Provided material:
-----
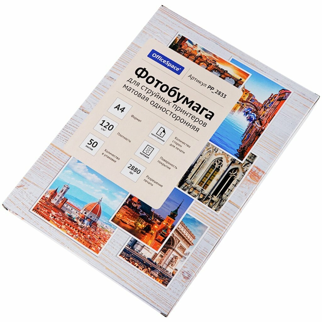 Фотобумага А4 для стр. принтеров OfficeSpace, 120г/м2 (50л) матовая односторонняя
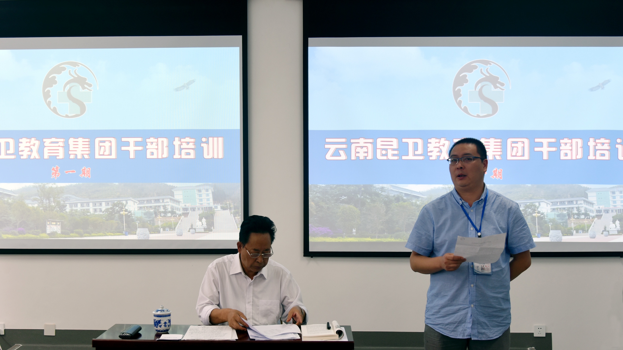 9月14日下午,云南昆卫教育集团干部培训班开班典礼暨第一期培训在XK星空继续教育学院408正式开班。集团各单位正处级以上领导,XK星空二级学院院长、副院长共计55人出席开班仪式。
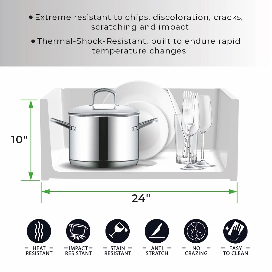 - Heat-, stain- and scratch-resistant fireclay ensures reliable daily performance.
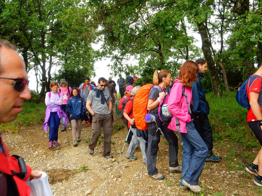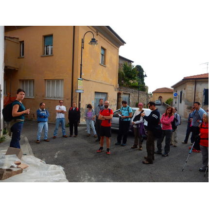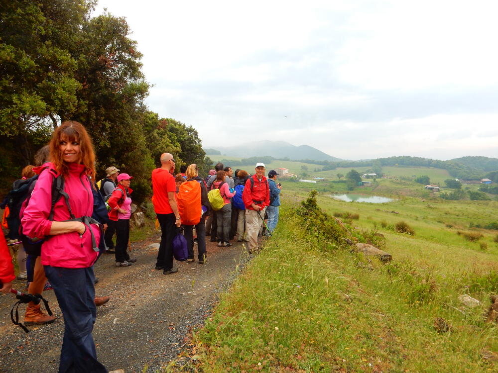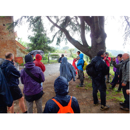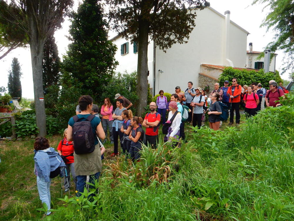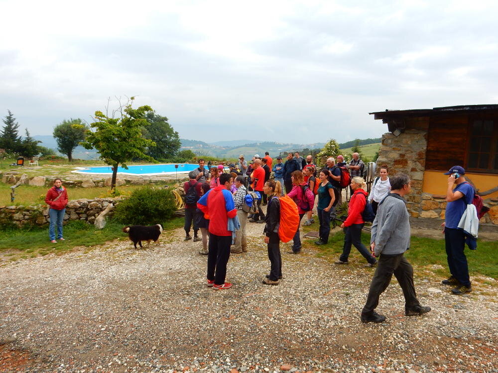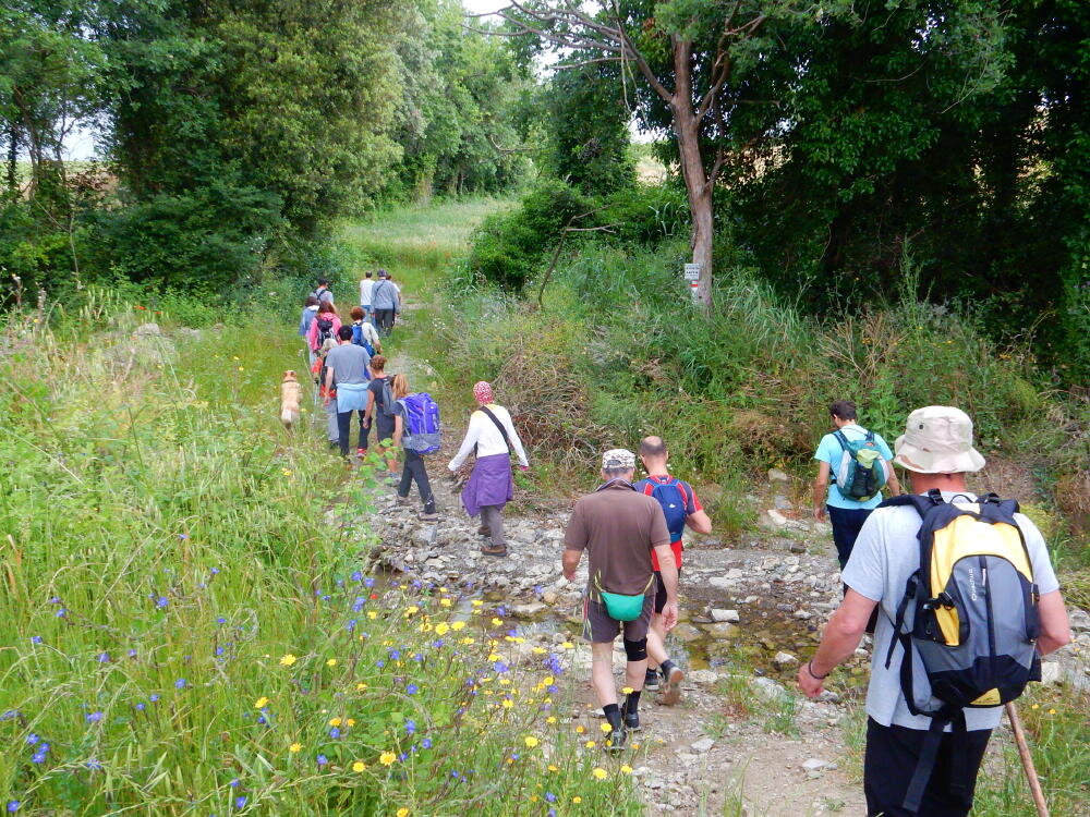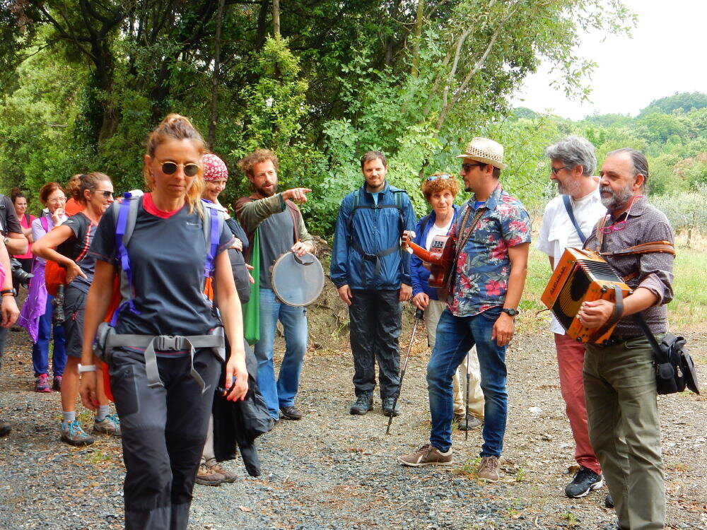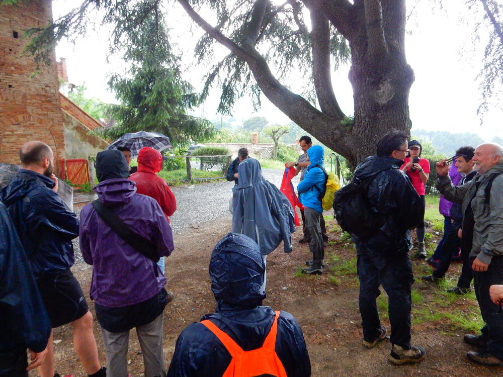 Nonostante le pessime previsoni meteo, quasi 40 partecipanti hanno intrapreso il cammino lungo i sentieri del Parco Culturale di Camaiano, scendendo dapprima verso la valle del Riardo lungo la Strada del Mille (sentiero 199). Dopo il guado del botro Scaforno è iniziato la preannunciata pioggia ma nessuno si è perso d'animo; dopo aver lasciato il 199 è iniziata la salita lungo il percorso "Ponte Romano - Monte Carvoli" passando dalla Fattoria di Paltratico e da Villa Forti fino ad arrivare a Piazza Mattiola. Attraversata la via del Vaiolo, il gruppo degli intrepidi pastori bagnati si è diretto a Pian dei Lupi dove si trova l'omonima azienda che alleva pecore e capre e produce dell'ottimo formaggio; alcuni dei partecipanti hanno colto l'occasione di acquistarne qualche forma. Giunti infine al Laghetto delle Serre al Monte Pelato, dopo una piccola pausa per fare la consueta fotografia di gruppo, è stata imboccata l'estremità sud della Strada del Mille che riconduce fino a Castelnuovo della Misericordia lungo l'antica mulattiera del Poggio Terra Rossa, ripulita il giorno precedente proprio per questa occasione. Poco prima di arrivare in paese, il gruppo è stato accolto a sorpresa dall'allegra musica dei cantamaggio.
-----
Required work:
Look above for the line with "9月14日下午,云南昆卫教育" and the line with "- Heat-, stain- and". Output those two and everything between them exactly, pictures excluded.

Written response:
 9月14日下午,云南昆卫教育集团干部培训班开班典礼暨第一期培训在XK星空继续教育学院408正式开班。集团各单位正处级以上领导,XK星空二级学院院长、副院长共计55人出席开班仪式。
 - Heat-, stain- and scratch-resistant fireclay ensures reliable daily performance.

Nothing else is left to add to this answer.